Previous studies show that disparities concerning these preterm morbidities have underestimated the real magnitude of the issue.

The study examined data from 582,297 infants in New York City who were born prematurely, specifically from 24 to 31 weeks’ gestation, between the years 2010 and 2014, and then later died between 2010 and 2015.

Researchers evaluated the prevalence of the four severe neonatal morbidities and closely looked at differences by race and ethnicity. Additionally, the data was adjusted for other factors such as socioeconomic status and/or the mother’s health.

Latino infants had a greater risk of necrotizing enterocolitis and intraventricular hemorrhage.

Black infants had increased risk of bronchopulmonary dysplasia and necrotizing enterocolitis.

Further research is needed to identify what factors are contributing to these disparities.

“Quality of care, both for the mother and the very preterm infant, likely plays a role, as well as a wide range of social, environmental and biological exposures to the developing fetus,” Teresa Janevic of the Icahn School of Medicine at Mount Sinai and lead author of the study, told CNN. “In our study, black and Hispanic infants were more likely to be born very preterm than white infants, which explains in part the wide disparities in morbidities.”

Magnitude of Disparities

Globally, an estimated 15 million babies are born preterm, which is 37 weeks gestation, and that number is continuously rising. Furthermore, preterm birth complications are the leading cause of death among children 5 years old and under.

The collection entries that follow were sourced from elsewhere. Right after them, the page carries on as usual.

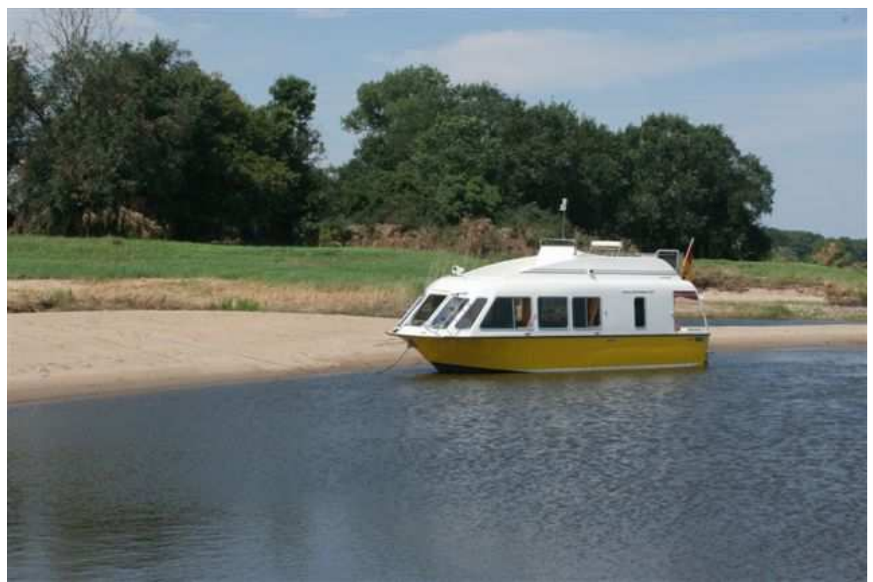
The Seacamper 810 is the ideal explorer for a journey like this.

Later in the afternoon, we haul in the anchor and sail on down river, heading for the old "Hansestadt" Havelberg.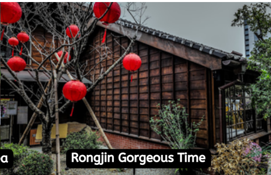
Rongjin Gorgeous Time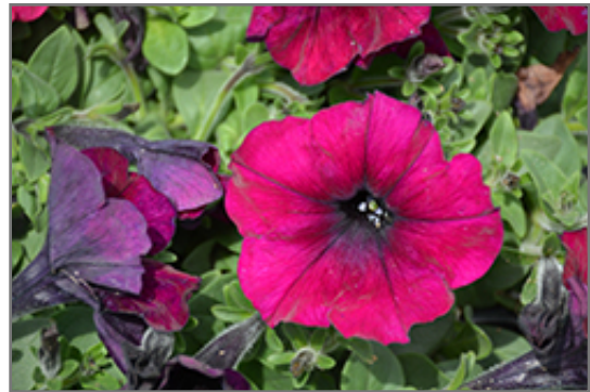
Easy Wave Burgundy Velour Petunia flowers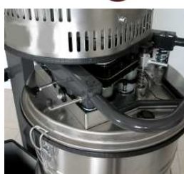
Flow reverser and water ejection control

In the U.S., 1 in 10 infants born were preterm births in 2016. The preterm birth rate that year was 50% higher in black women as compared to white women, according to the CDC.

This new study sheds lights on the disparities affecting Latina/o women and babies.

“We were not surprised to find that black and Hispanic infants are at higher risk of very preterm morbidities given what we know about their increased risk to be born extremely premature, as well as our previous work that hospital quality of care may play a role in racial and ethnic disparities in very preterm morbidity,” Janevic told CNN.

“However, the magnitude of the disparities is striking,” she said. “Also, we were somewhat surprised regarding the finding of increased risk of retinopathy of prematurity among Asian very preterm infants, a finding that needs to be researched further to replicate and potentially explain.”

How Can We Promote Healthy Babies for All Women?

Mothers’ physical activity and healthy eating habits before and during pregnancy play a big role.

Breastfeeding also has many positive effects on children. Healthy eating and physical activity habits established during early childhood care settings also is a stepping stone toward lifelong health, according to a Salud America! research review.

The research review made these policy recommendations:

  • Promote breastfeeding via formula marketing reduction, paid maternity leave, and break time or private places to express milk at work.
  • Enforce healthier eating and physical activity standards in early child care centers.
  • Use culturally tailored prenatal programs to promote breastfeeding, maternal healthy lifestyles, and proper infant feeding habits among Latinas.

“It will take a team effort to get Latino kids on the path to a healthy weight,” said Dr. Amelie G. Ramirez, director of Salud America! and the Institute for Health Promotion Research at UT Health San Antonio.